*** Block opens ***
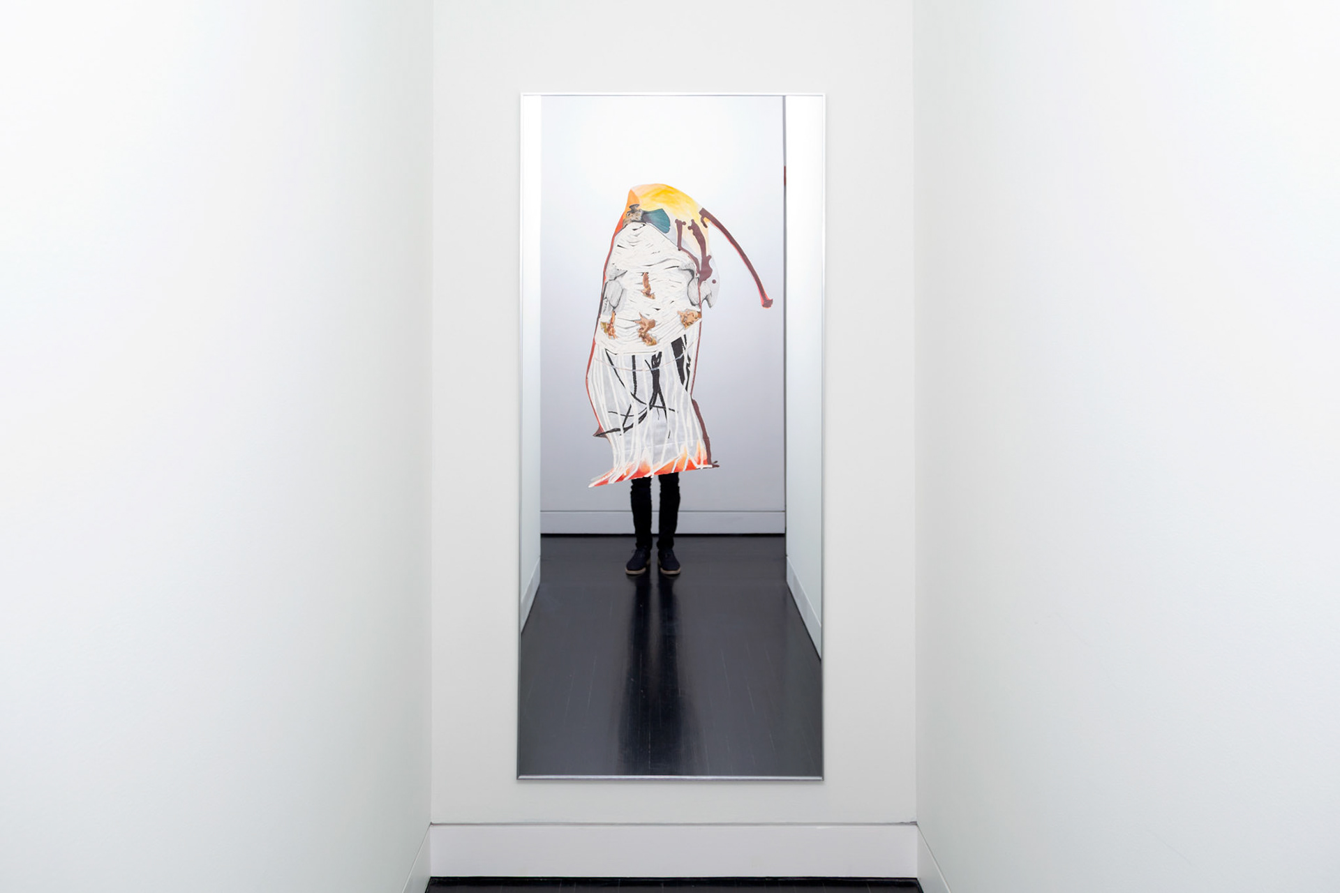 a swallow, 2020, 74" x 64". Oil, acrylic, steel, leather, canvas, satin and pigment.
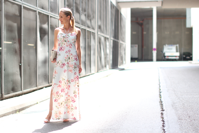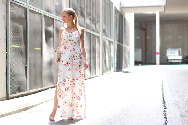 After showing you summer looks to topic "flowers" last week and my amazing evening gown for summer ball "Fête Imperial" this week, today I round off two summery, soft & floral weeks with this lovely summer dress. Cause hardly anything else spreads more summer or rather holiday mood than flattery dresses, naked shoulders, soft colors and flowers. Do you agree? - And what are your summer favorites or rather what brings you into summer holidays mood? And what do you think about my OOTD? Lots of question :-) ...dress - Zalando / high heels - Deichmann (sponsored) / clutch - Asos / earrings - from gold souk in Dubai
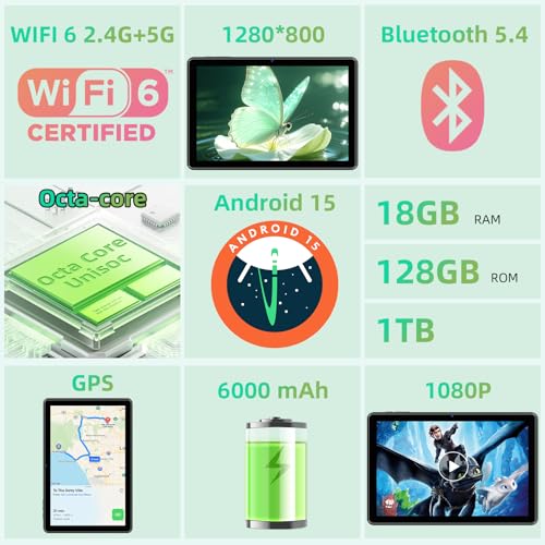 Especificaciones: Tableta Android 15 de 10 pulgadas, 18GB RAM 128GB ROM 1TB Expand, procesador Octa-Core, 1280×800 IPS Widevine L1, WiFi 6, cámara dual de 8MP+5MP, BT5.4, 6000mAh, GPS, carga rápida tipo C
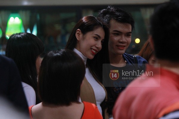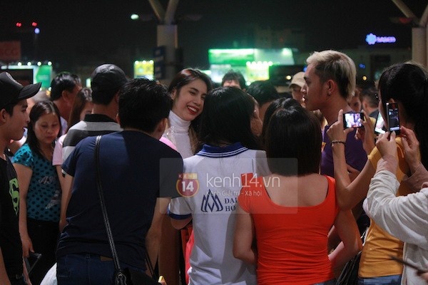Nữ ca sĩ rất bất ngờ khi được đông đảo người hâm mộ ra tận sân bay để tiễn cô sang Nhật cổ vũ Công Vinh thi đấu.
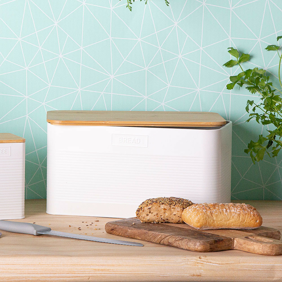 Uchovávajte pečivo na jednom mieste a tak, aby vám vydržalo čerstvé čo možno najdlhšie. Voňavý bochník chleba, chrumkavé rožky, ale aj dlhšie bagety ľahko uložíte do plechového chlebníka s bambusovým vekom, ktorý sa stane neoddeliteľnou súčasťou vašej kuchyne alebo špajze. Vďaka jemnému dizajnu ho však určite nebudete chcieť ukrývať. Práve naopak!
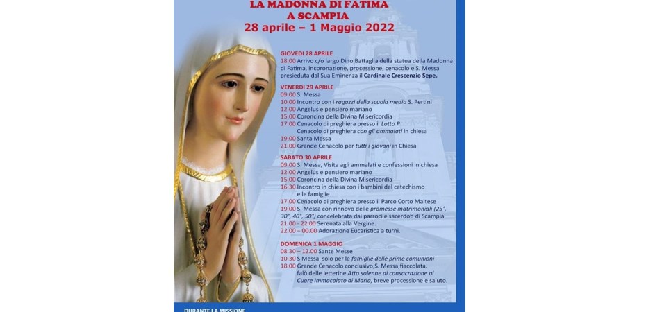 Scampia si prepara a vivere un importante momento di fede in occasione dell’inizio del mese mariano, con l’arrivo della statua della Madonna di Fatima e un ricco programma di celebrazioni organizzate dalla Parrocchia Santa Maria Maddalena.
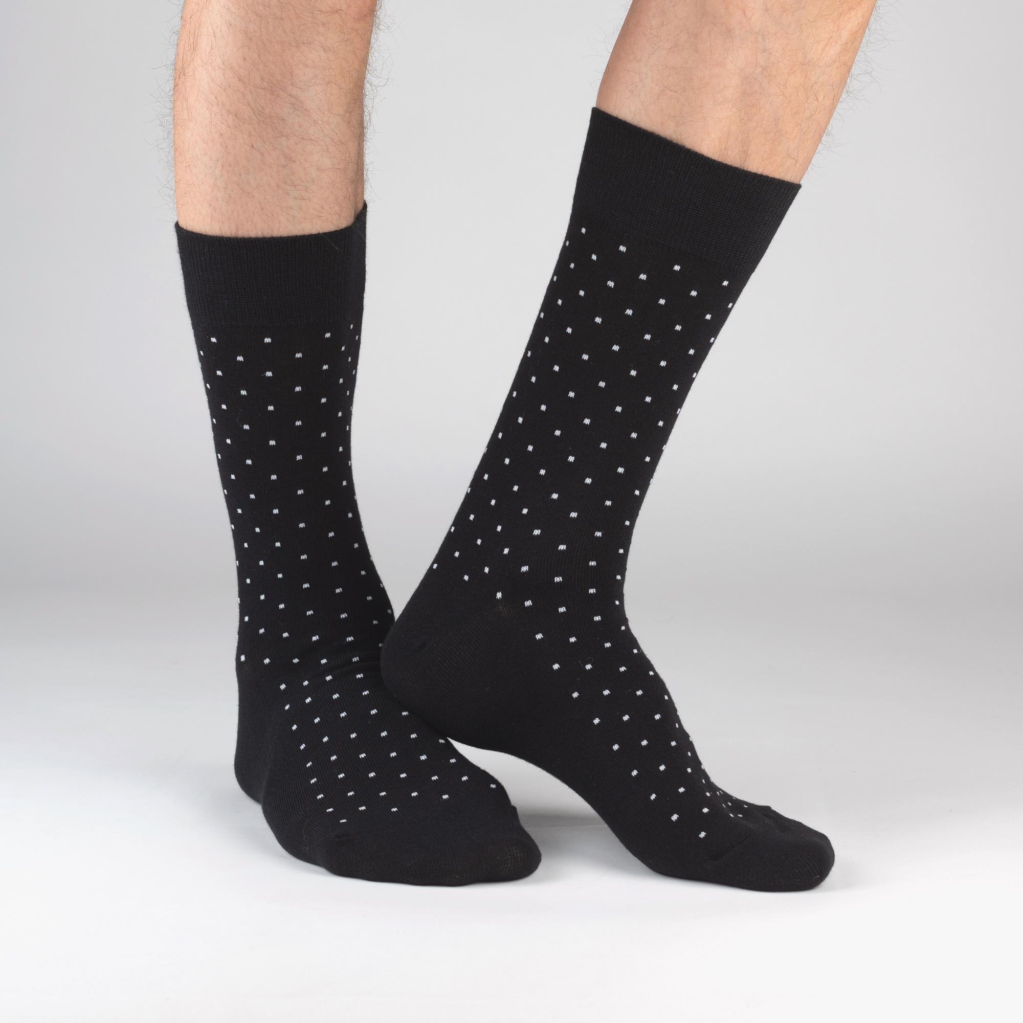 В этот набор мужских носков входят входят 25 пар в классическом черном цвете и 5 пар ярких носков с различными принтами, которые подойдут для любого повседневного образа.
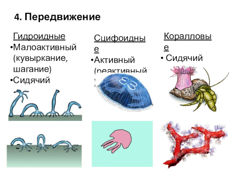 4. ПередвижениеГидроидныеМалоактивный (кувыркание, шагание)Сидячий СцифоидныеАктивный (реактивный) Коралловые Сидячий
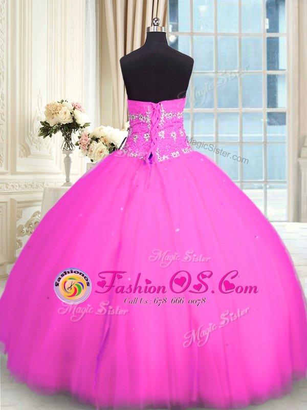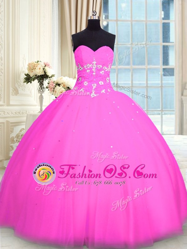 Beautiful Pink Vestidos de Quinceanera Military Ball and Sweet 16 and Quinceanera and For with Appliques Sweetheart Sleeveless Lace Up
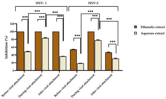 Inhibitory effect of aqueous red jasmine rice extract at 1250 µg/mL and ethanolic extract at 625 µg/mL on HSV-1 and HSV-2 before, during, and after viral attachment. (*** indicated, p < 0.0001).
*** Block closes ***
* Your objective: Using the listing above, restate exactly the range between the lines holding "Scampia si prepara" and "В этот набор", inclusive, with pictures left out.

* Output of the task:
 Scampia si prepara a vivere un importante momento di fede in occasione dell’inizio del mese mariano, con l’arrivo della statua della Madonna di Fatima e un ricco programma di celebrazioni organizzate dalla Parrocchia Santa Maria Maddalena.
 В этот набор мужских носков входят входят 25 пар в классическом черном цвете и 5 пар ярких носков с различными принтами, которые подойдут для любого повседневного образа.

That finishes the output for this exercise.